生後2ヶ月から成犬までの月齢別体重・体高の変化と、小型・中型・大型犬の成長曲線を一目で把握できるようにまとめました。体重管理と食事の基準についても併せてご案内します。

| 項目 | 小型犬(成犬5kg) | 中型犬(成犬15kg) | 大型犬(成犬30kg) |
|---|---|---|---|
| 2ヶ月 | 0.8~1.2kg | 2.0~3.0kg | 4.5~6.0kg |
| 3ヶ月 | 1.3~1.8kg | 3.5~5.0kg | 7.0~9.5kg |
| 4ヶ月 | 1.8~2.5kg | 5.0~7.0kg | 10~13kg |
| 6ヶ月 | 2.8~3.8kg | 8.0~11kg | 17~21kg |
| 9ヶ月 | 4.0~4.8kg | 12~14kg | 24~27kg |
| 12ヶ月 | 4.5~5.2kg | 14~16kg | 27~30kg |
| 18ヶ月 | 5.0kg維持 | 15kg維持 | 29~32kg |
犬種・個体差により±15%のばらつきがある場合があります。絶対値ではなく推移の確認用として活用してください。

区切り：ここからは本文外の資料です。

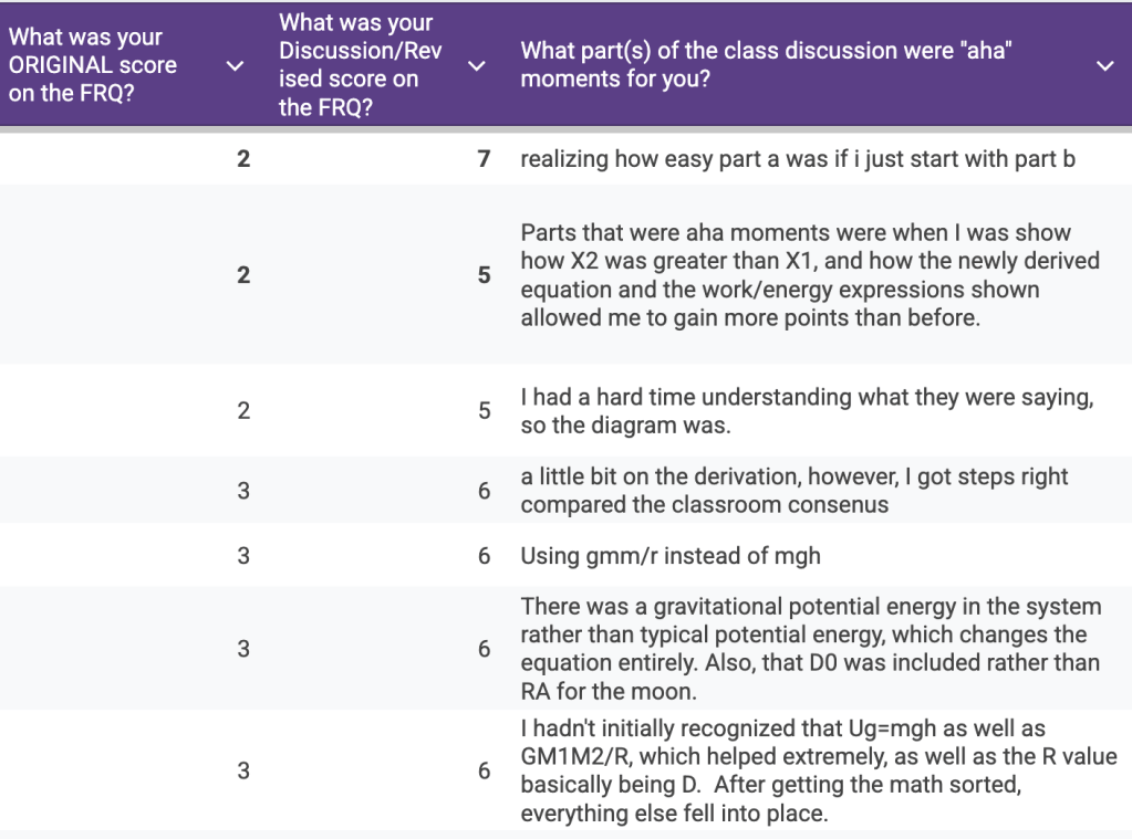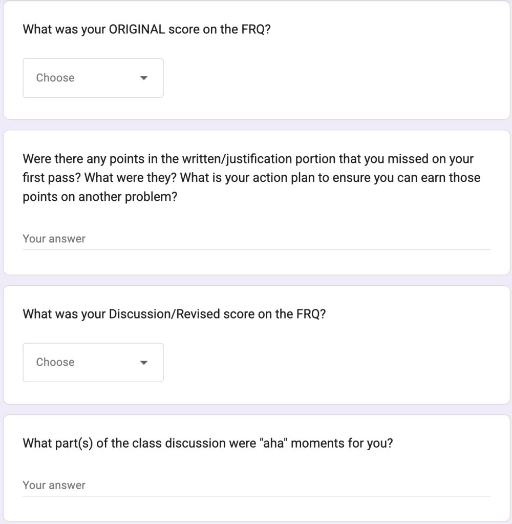 Part of this spawned from the fact that we had -30 windchills last Friday and a remote learning day. With remote learning obtaining student feedback is more critical than ever for me, but I realized this would be a good strategy to maintain for all FRQ practice.

このような体重の変化が見られた場合は、すぐに動物病院を受診してください。
成長期の子犬で次のような兆候が見られたら、できるだけ早く獣医師に相談してください。体重が2週間以上停滞したり、むしろ減少する場合、肋骨や背骨が触らなくても目で見てわかるほど浮き出ている低体重(BCS 1〜2/9)、食欲はあるのに体重が増えない場合(消化・吸収の問題や寄生虫の可能性)、ウエストラインが消失しお腹が垂れるほどの過体重などが代表的な例です。特に若い子犬は体重が順調に増加するのが正常なので、離乳食直後の2〜3ヶ月齢で体重が減る場合は、感染性腸炎などの緊急疾患の兆候である可能性があり、より注意深く観察する必要があります。

大型犬の飼い主さんが特に注意すべき点
大型犬の場合、成長が早すぎること自体が病気の要因となることがあります。獣医栄養学の教科書でも、大型犬・超大型犬には栄養素を過剰に与えないよう供給することが強調されています。カルシウムの過剰摂取は成長板や関節の発達に悪影響を及ぼし、肥満状態で成長すると股関節形成不全のリスクが高まります。特にラブラドール・ゴールデン・ジャーマンシェパード・グレートデーンなどの品種では、ドッグフードの包装に記載された給餌量より10〜15%減らして、ゆっくりと成長させる方が関節の健康にとって有利です。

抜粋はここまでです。